5.7 Procedures for a pilot-in-command intercepting a distress transmission

Whenever a distress transmission is intercepted by a pilot-in-command of an aircraft, the pilot shall, if feasible:

a) acknowledge the distress transmission;

b) record the position of the craft in distress if given;

c) take a bearing on the transmission;

d) inform the appropriate rescue coordination centre or air traffic services unit of the distress transmission, giving all available information; and

e) at the pilot’s discretion, while awaiting instructions, proceed to the position given in the transmission.

It should be noted this article is connoted to rescuing ships/aircraft, which was the concern at the time it was written, but is expressed in such a broad way it becomes applicable to any distress message.

2. Example: Implementation in the French Air Regulations

In the French AIP for La Réunion and Mayotte Islands, those articles are relevant:

GEN Rules to be observed by aircraft commanders

1) Pilots who witness a situation in which people are endangered:
When an aircraft commander of an aircraft witnesses a situation in which people are endangered, he shall proceed as indicated below unless it is impossible to do so or, based on the prevailing circumstances, he considers it is unnecessary to do so: [...] notify or have someone notify, as appropriate:
- the area control center (ACC), which shall in its turn notify the ARSC [...]
2) Informed of a:
a) distress message or signal When an aircraft commander intercepts a distress message or signal, or is informed by any means, he must proceed as follows in compliance with applicable telecommunications procedures [...]
b) request for assistance by message or visual signal: When an aircraft commander intercepts a request for assistance by message or by a visual signal, or learns of such a request from any source,he shall notify the appropriate control or search and rescue unit as soon as possible [...]

3. Civil and/or criminal laws

At the State level (for an aircraft this is the country of registration), there are civil and/or criminal laws related to assistance: If someone asks for assistance when in danger, and a person denies it without a good reason, the latter is liable of failure "to assist a person in danger" or to the "duty to rescue". The idea is someone in great distress has a right to be rescued which automatically give others obligations to not abandon them.

In many countries these obligations are relevant of civil code, meaning one can be required to pay damages, but there is no criminal law associated. In some countries, this is a criminal law, e.g. in France not trying to help someone in imminent danger, and when this is possible without endangering oneself, can be punished of a five-year prison sentence. This would apply to any person, witnesses, cabin crew and cockpit crew, ATC, etc.

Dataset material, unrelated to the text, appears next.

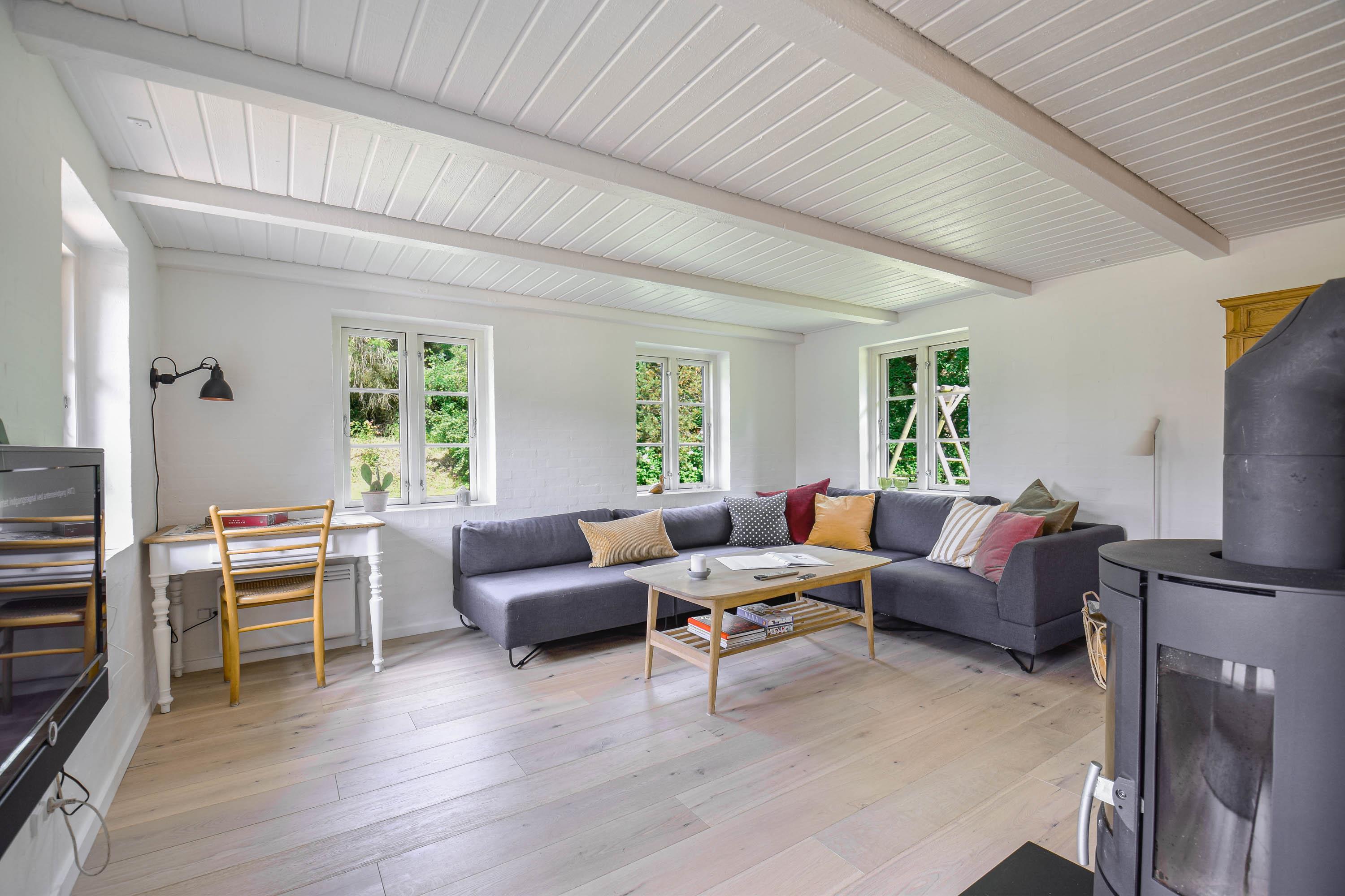 The small entrance hallway leads you into the dining area and through the open-plan kitchen into the beautiful living room. Here you will find cosy, modern, bright and friendly furnishings and a good wood-burning stove. The small workspace is also practical if you want to write something or the children want to draw. There are three bedrooms in total, two with a double bed and one with two single beds. The bright, modern bathroom has a shower cubicle and underfloor heating.
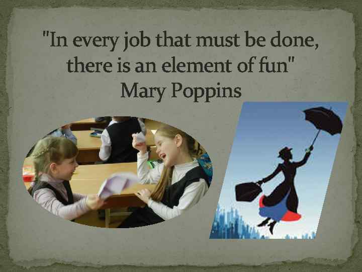 "In every job that must be done, there is an element of fun" Mary Poppins

An important immediate action for a passenger is to note the exact time they saw the distress signal (or start a running stopwatch on a cellphone to keep track of elapsed time) and to note the direction relative to the airplane fuselage. If you can note another direction and time a couple of minutes later, so much the better. With this information and the radar or ADS-B records, search & rescue teams have a much better chance of determining the location.

Unfortunately by the time you've gotten a flight attendant's attention and they've informed the flight crew (if they're even willing to do so) the spot on the ground will probably be out of view, so without a pretty good estimate of the time you saw it the uncertainty in the location will be many tens of km - next to useless for search & rescue purposes.